### EXTRACTED DATA
● ● ● ● ●
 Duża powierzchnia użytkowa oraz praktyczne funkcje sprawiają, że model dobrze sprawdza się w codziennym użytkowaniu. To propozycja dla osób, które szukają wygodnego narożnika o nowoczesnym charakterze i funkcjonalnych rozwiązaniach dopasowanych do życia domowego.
● ● ● ● ●
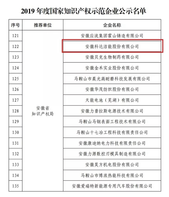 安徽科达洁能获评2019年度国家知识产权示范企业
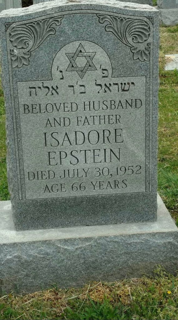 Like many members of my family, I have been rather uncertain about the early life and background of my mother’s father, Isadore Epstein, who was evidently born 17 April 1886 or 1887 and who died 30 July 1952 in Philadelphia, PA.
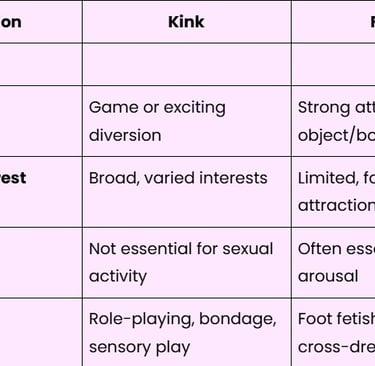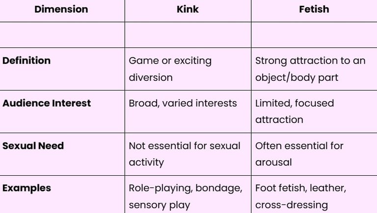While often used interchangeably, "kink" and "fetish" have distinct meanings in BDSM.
● ● ● ● ●
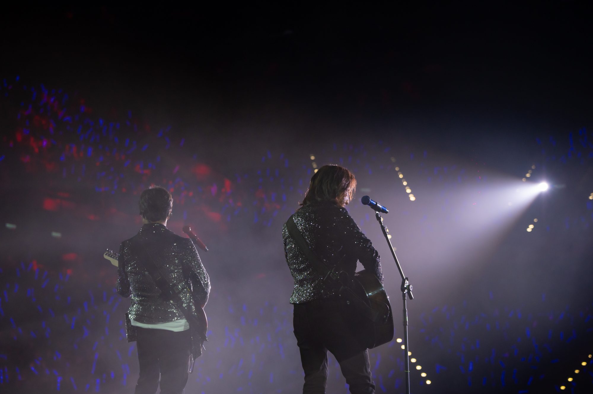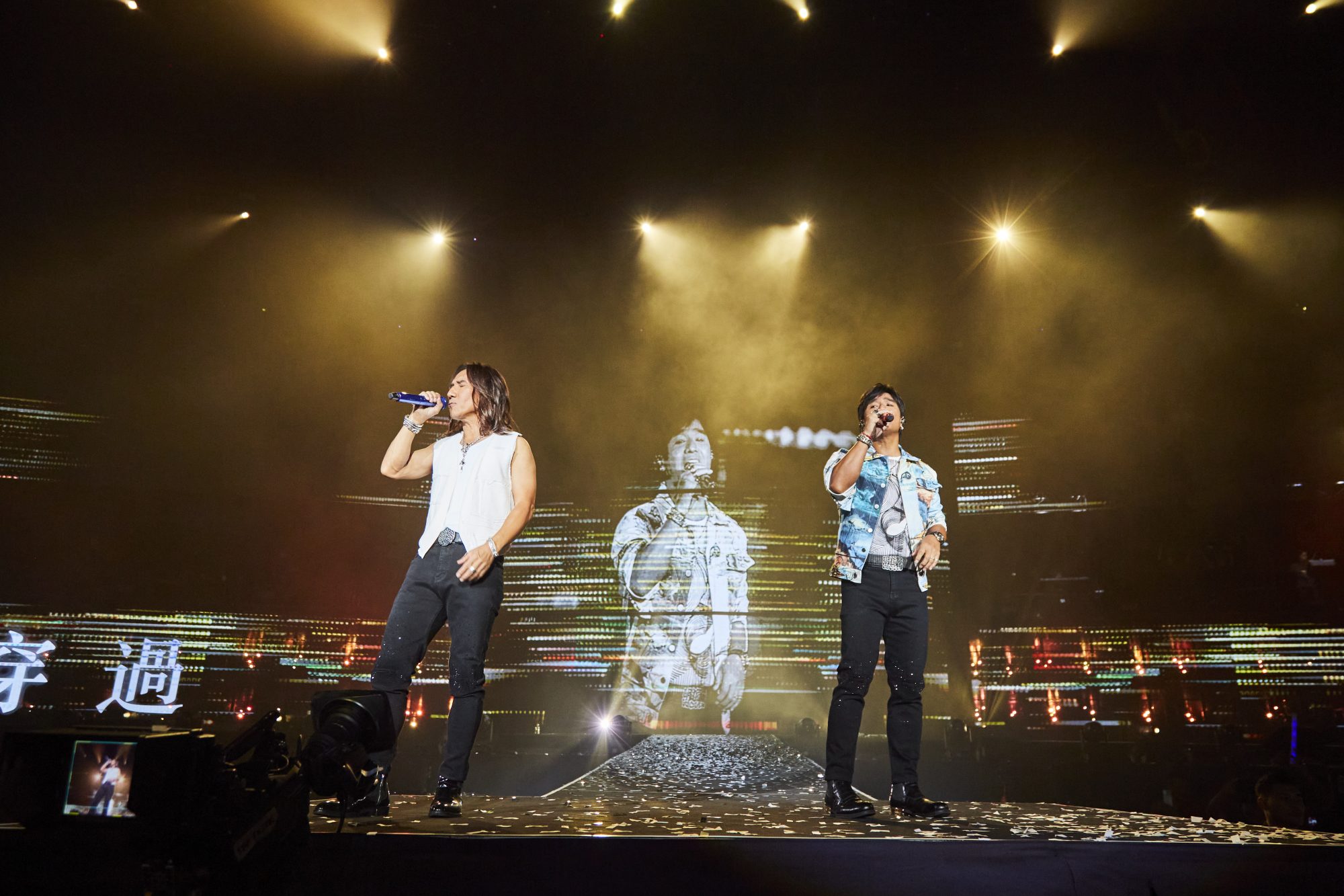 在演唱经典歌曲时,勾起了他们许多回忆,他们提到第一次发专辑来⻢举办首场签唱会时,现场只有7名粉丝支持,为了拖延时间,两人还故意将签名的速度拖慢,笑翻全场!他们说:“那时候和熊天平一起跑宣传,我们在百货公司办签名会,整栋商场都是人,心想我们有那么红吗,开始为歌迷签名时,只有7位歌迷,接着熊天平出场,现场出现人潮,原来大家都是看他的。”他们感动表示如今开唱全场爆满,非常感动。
● ● ● ● ●
All that is wanted is the lines above between the one containing "Like many members" and the one containing "While often used", inclusive, restated word for word, with pictures omitted.

### WRITTEN ANSWER
 Like many members of my family, I have been rather uncertain about the early life and background of my mother’s father, Isadore Epstein, who was evidently born 17 April 1886 or 1887 and who died 30 July 1952 in Philadelphia, PA.
While often used interchangeably, "kink" and "fetish" have distinct meanings in BDSM.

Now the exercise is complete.